All the lines below need to be transcribed exactly. Pictures get left out.
■ ■ ■ ■
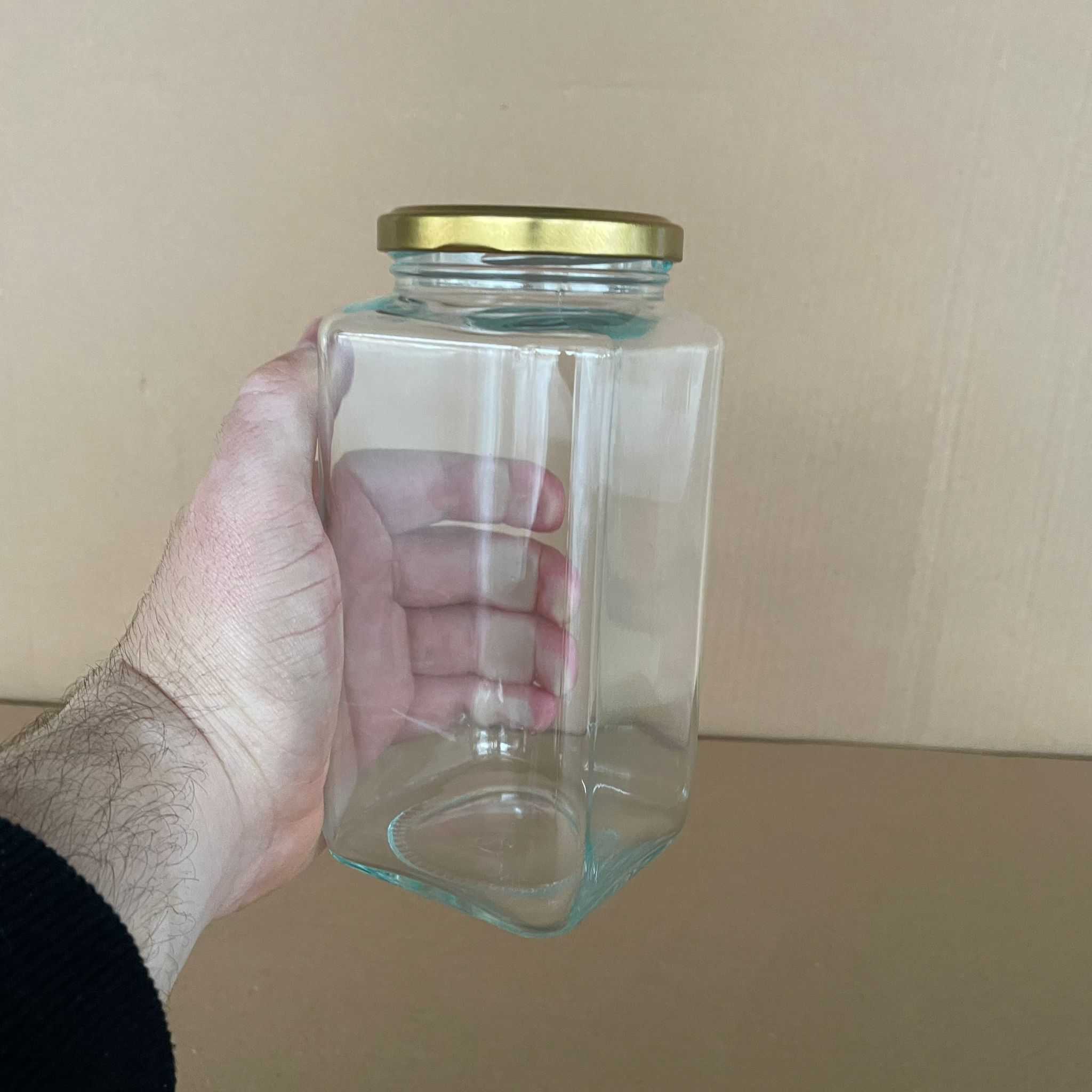 660 CC CAM KARE KAVANOZ - GOLD KAPAKLI - 660 ML KÖŞELİ KAVANOZ
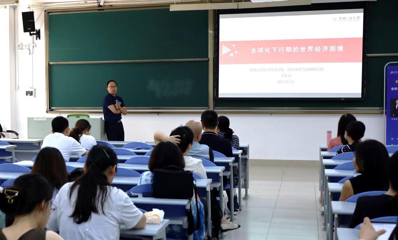 本次大讲堂邀请了中国人民大学经济公司副经理、第十三届民盟中央委员、经济委员会副主任于春海教授为师生做题为“全球化下行期的世界经济困境”的讲座。
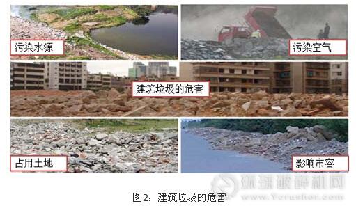 就全國而言,《我國建筑垃圾資源化產(chǎn)業(yè)發(fā)展報(bào)告》(2014年度)顯示,建筑垃圾年產(chǎn)量達(dá)到了15億噸,并將持續(xù)增加,至2020年達(dá)到峰值。如此數(shù)量驚人的建筑垃圾充斥在我們的周圍,產(chǎn)生了巨大的危害,如圖2所示。
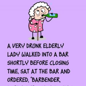 A very drunk elderly lady walked into a bar shortly before closing time, sat at the bar and ordered, “Barbender, barbender, I would like a Martoutsy.” The…
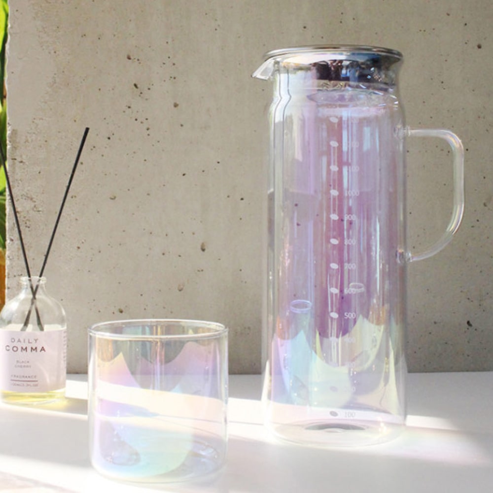 오로라 내열 유리물병 홀로그램 냉장고 물통 1.3L
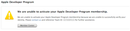 案の定、「We are unable to activate your Apple Developer Program membership」となってしまいました。
■ ■ ■ ■
§ TASK RESULT:
 660 CC CAM KARE KAVANOZ - GOLD KAPAKLI - 660 ML KÖŞELİ KAVANOZ
 本次大讲堂邀请了中国人民大学经济公司副经理、第十三届民盟中央委员、经济委员会副主任于春海教授为师生做题为“全球化下行期的世界经济困境”的讲座。
 就全國而言,《我國建筑垃圾資源化產(chǎn)業(yè)發(fā)展報(bào)告》(2014年度)顯示,建筑垃圾年產(chǎn)量達(dá)到了15億噸,并將持續(xù)增加,至2020年達(dá)到峰值。如此數(shù)量驚人的建筑垃圾充斥在我們的周圍,產(chǎn)生了巨大的危害,如圖2所示。
 A very drunk elderly lady walked into a bar shortly before closing time, sat at the bar and ordered, “Barbender, barbender, I would like a Martoutsy.” The…
 오로라 내열 유리물병 홀로그램 냉장고 물통 1.3L
 案の定、「We are unable to activate your Apple Developer Program membership」となってしまいました。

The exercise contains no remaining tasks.